Sergei Prokofiev’s score, with its chorale commentaries on the action, entwines with recurring visual motifs that evoke that state of Rus in the mid 1200s—a land of bleaching bones after decades of massacres by the Mongols and stranded longboats redolent of the Viking founders of Vladimir and Novgorod—in painting a cultural context, and a harmonious concept of the drama about to unfold as part of Russia’s past and present. Prokofiev’s work on the film was and is one of the signal collaborations between a great cinema artist and a highly regarded classical composer, and it’s still certainly one of the greatest film scores ever recorded, especially if sheer dramatic necessity is a yardstick—the score is so deeply woven into the film it wouldn’t exist in the same way without it, making Nevsky a true pan-cultural creation. Eisenstein and Prokofiev used all available means of achieving that linked effect, composer writing music to the script and director cutting scenes to match material already written. Nevsky is negligibly lessened by a few overly arch moments of propaganda, but moreso by its technical problems. The film was made with an experimental sound system that had a muffling effect on much of the dialogue and especially on the score, and the rush to get the film in theatres forestalled any tweaking.

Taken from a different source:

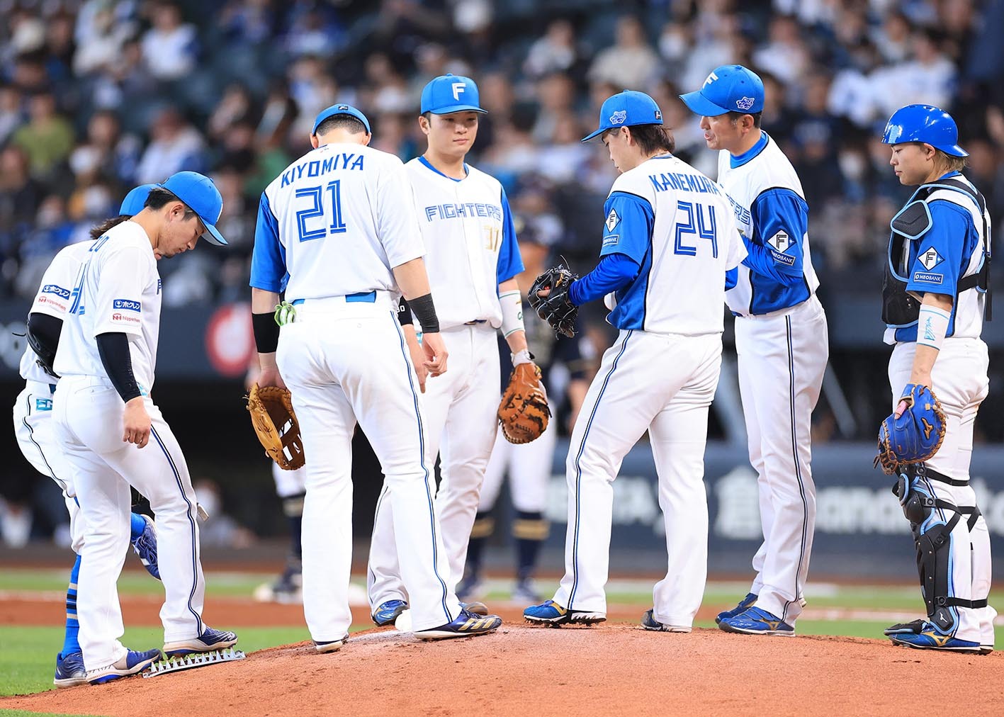 四回4失点後、オリックス・福田を前にマウンドへ集まる日本ハムの選手たち

Eisenstein had one of cinema’s most perfect eyes for composing elements within a frame (think of a shot from a Michael Bay film, and then think of the exact opposite), and his efforts here both extend the high modernism of early Soviet cinema, evident in occasional semi-abstract arrangements, and enrich his visuals with the squared-off perspective of Byzantine-influenced Russian art. In the first half, his compositions are studiously geometric, his actors carefully posing in declarative attitudes: Alexander surveying the expanse of the green Russian dales with an old peasant at his side, or Buslai and Olexich assuming poses in contending for Olga, who constantly stands with back to the two hovering, towering men. This might sound flat and pompous, and yet it’s anything but. What’s remarkable is how Eisenstein uses these qualities to suggest powerful, composing forces, building tension through alternations of hypnotic quiet and tersely delivered dialogue, and violent communal arguments and celebrations on the path from panic and questioning on behalf of the frightened Rus folk to the moment of fearless readiness for the eruptive chaos of battle.

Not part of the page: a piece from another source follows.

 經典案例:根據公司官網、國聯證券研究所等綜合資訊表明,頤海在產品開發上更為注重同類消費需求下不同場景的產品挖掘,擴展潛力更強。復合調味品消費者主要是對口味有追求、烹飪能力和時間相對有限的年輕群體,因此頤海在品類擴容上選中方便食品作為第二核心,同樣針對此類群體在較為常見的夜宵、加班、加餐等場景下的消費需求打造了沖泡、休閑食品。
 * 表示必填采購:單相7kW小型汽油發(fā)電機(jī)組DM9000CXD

Just as deliberately flat, and yet still lovably vibrant, are the characterisations. On an almost pantomime level, good and evil are chiefly a matter of expression and dress. The Teutonic villains are so stylised in their evil they barely seem like part of the same species, which is very much the point. In their warrior regalia they seem less like an army of God, though they wrap themselves in religious paraphernalia and espouse Roman Catholicism as a totalitarian ideology, than stygian beasts: Ignat describes one as a witch after besting him. Even when they take off their helmets, they’re a mob of lean, grim, self-satisfied-looking bastards, the Grand Master (Vladimir Yershov) coldly declaring that anyone who resists them will be slaughtered, whilst handing out stolen principalities casually to his followers. The traitors who have delivered Pskov into their hands through connivance and rumour-mongering are shifty-eyed and dour, in contrast to the beaming, sunny Russians.
The contrast between Buslai and Olexich is one of two variations on the basic Russian character, made most amusingly clear when they court Olga: apple-cheeked, boisterous Buslai declares, “If you want a fun-loving man, marry me!” To which more somber Olexich retorts, “If want to be beaten with a birch stick every night, choose him indeed.” Olga and Vasilisa, too, form a diptych in thrilling at the great action unfolding before them, but each takes a different path: demure Olga makes her pledge to the two warriors, whilst Vasilisa dons a helmet and chain mail and go to war. It’s Vasilisa versus the Germans, and this time, it’s personal: her father, an elder of Pskov, has been executed before her eyes for denouncing the German invaders—hung from a belltower.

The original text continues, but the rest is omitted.